"If you construct a cluster-level variable using the collapse command, it is not necessary to use weights at all, because everyone in the same cluster has the same weight. To confirm this, you could collapse WITH weights and then collapse WITHOUT weights, and compare the two sets of numbers. They should be exactly the same.

However, if you want to collapse for a larger aggregate, such as a district or region, which includes more than one cluster, you definitely should use weights as part of the collapse."

My concern in this regard is, does this information still valid for a scenario where I have to pool various countries together (after collapsing at cluster level) and run regression analyses? Any suggestion where do I apply weighting? ]]>

I think this comes down to a matter of interpretation, not a specific right/wrong way of doing it.

Lets suppose you have 2 countries and 10 regions each. After collapsing, you have 20 observations, 10 from each country. Each of these is representative of a particular region. You know want to infer some parameter value from the data you have - say, the effect of cluster-aggregrated variable X.

As an extreme example, suppose that your two countries were Nigeria (population 180 million) and Burkina Faso (population 17 million). If you wanted "average stunting rate" for children, you would want to weight the Nigerian data to be about 10 times more influential than the BF data. Or, more specifically, you'd want to weight each region by the relevant population (say, children under 5). In that case, you'd just give each region (after collapsing) a new weight that was equal to its population.

Now, suppose you are interested instead if the effect of variable X. If the effect of X is the same everywhere, you don't need to do any further weighting if you don't want to. However, there are two reasons you could still weight. 1) the estimates from larger sample sizes within regions are less variable (remember, your region-level aggregates are really region-level "estimates"), and so weighting-up the higher-sample-size regions can give you some statistical power; 2) we might think that there are variations in the effect of X for different people due to unobserved factors, and what we want to know is the "average treatment effect" of the whole population.
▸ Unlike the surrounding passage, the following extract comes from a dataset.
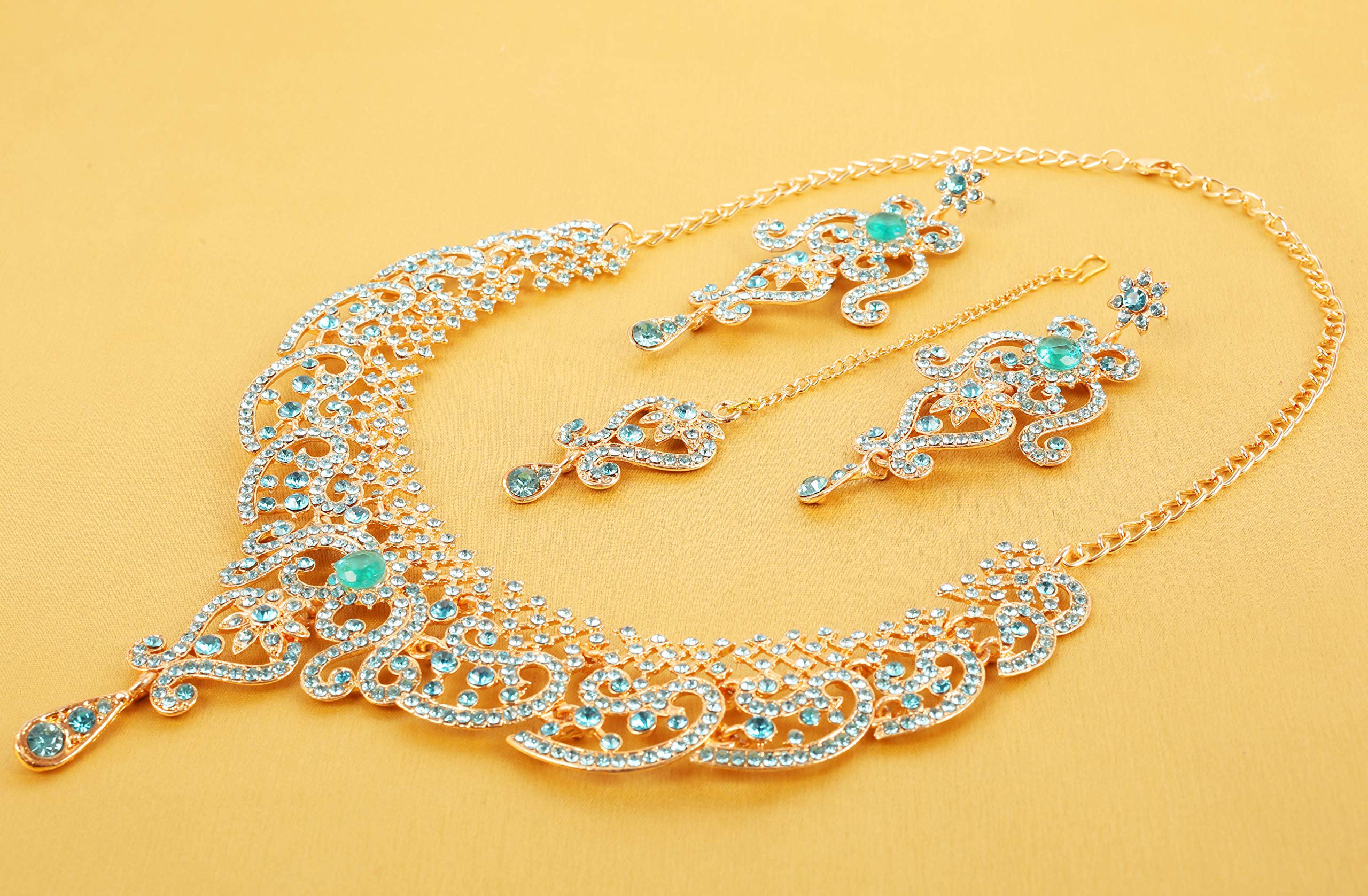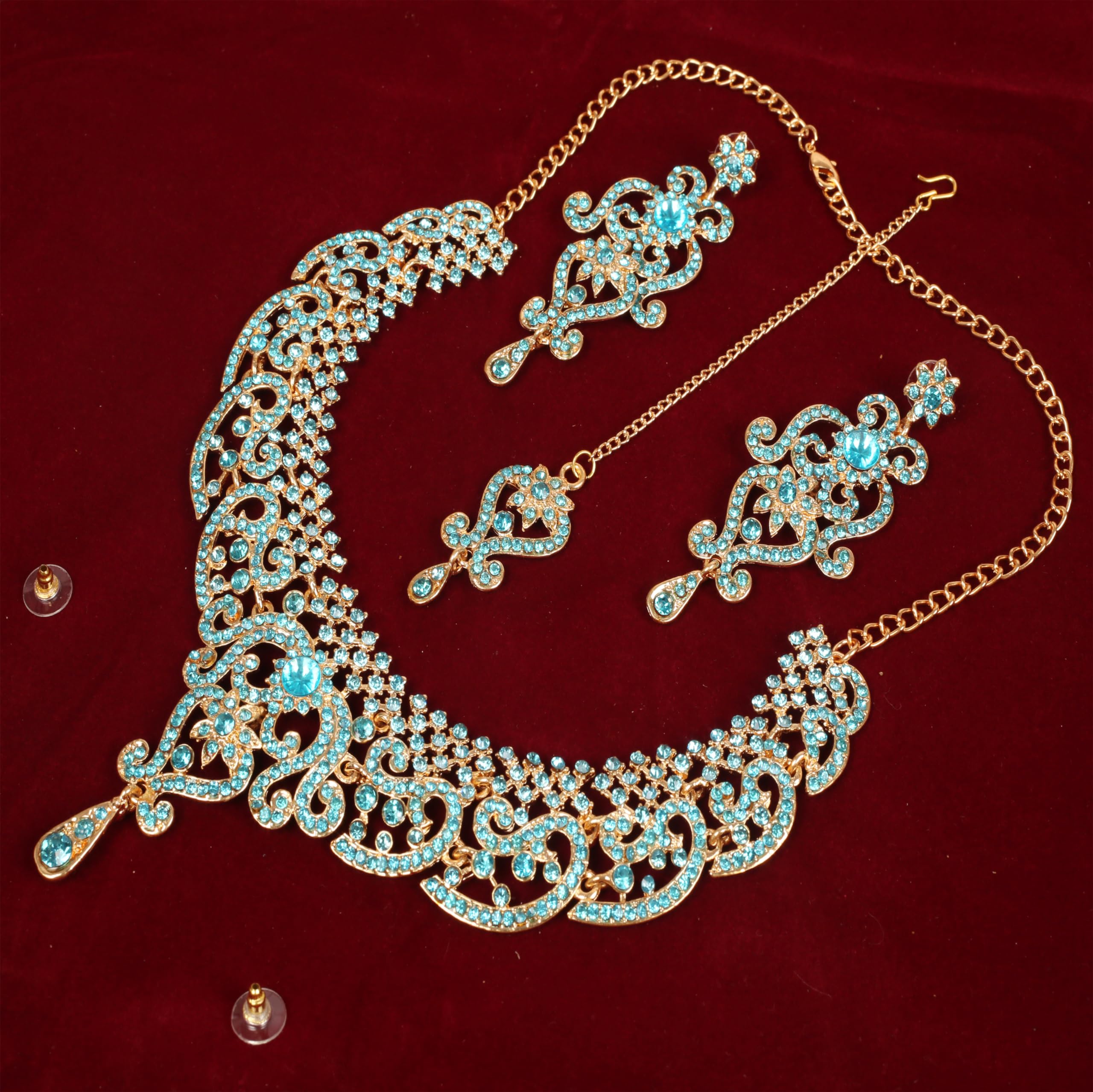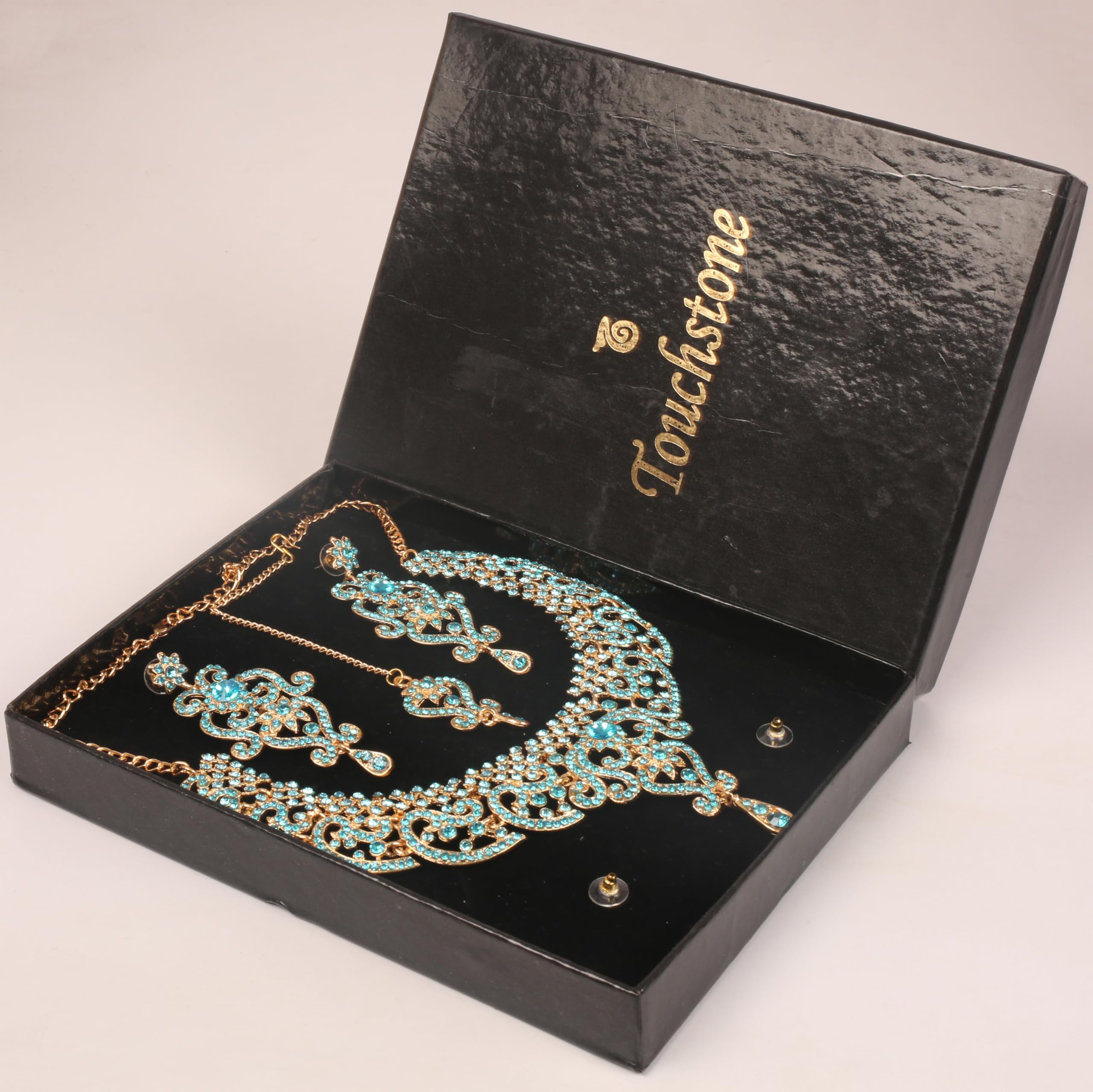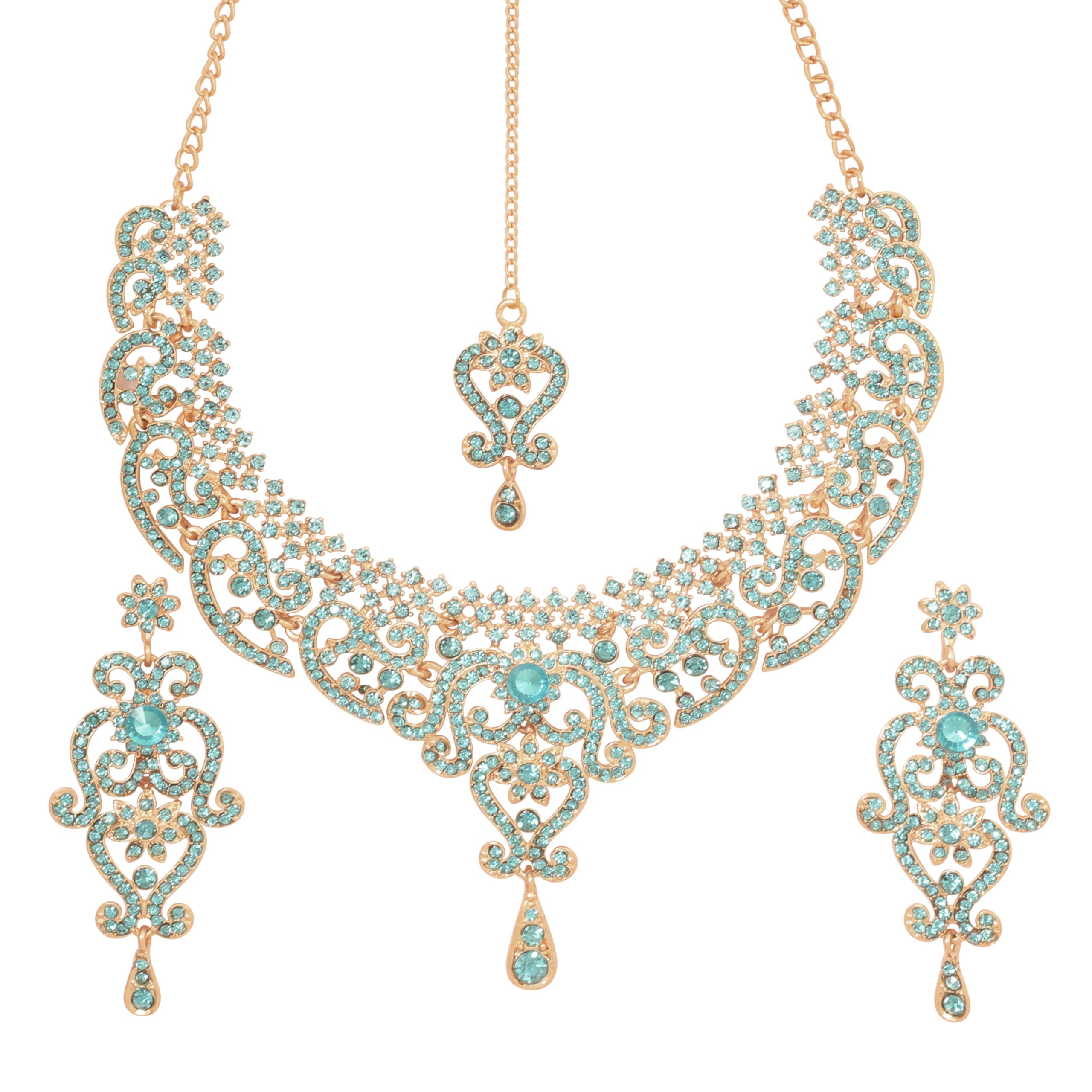 Touchstone Indian Bollywood Royal Look Marvelous Designer Jewelry Necklace Set Embellished with Crystals for Women

In that case, if you can't model the heterogeneity in the effect of X, you might want to weight by population again in order to back out the average effect on the population.

One way to think about it is: am I interested in doing inference on levels/effects for Regions or Individuals? If regions, then once you collapse you are fine (each region is its own observation, and another region from whatever country is adding one new, equally important data point). If you want to know about average effects across individuals in the whole population of the two countries (taken as one population for purposes of inference) then you'd probably want to weight these regions by population in some manner.

But like I said, I don't think this is a "right/wrong" kind of thing. It is an "it depends" kind of thing. Once you collapse to region, you have a region-level-estimate that is weighted to be representative of that region. What you do from there depends on what you want that region to tell you and what you want your analysis to capture. In the world of estimating causal effects, we tend to pretend that our constant-effect model is right, in which case you don't need to weight further. But in worlds interested in estimating population-level characteristics, then you do want to acknowledge that different regions are telling you information about different numbers of people.

Help? Or just obscure things more?]]>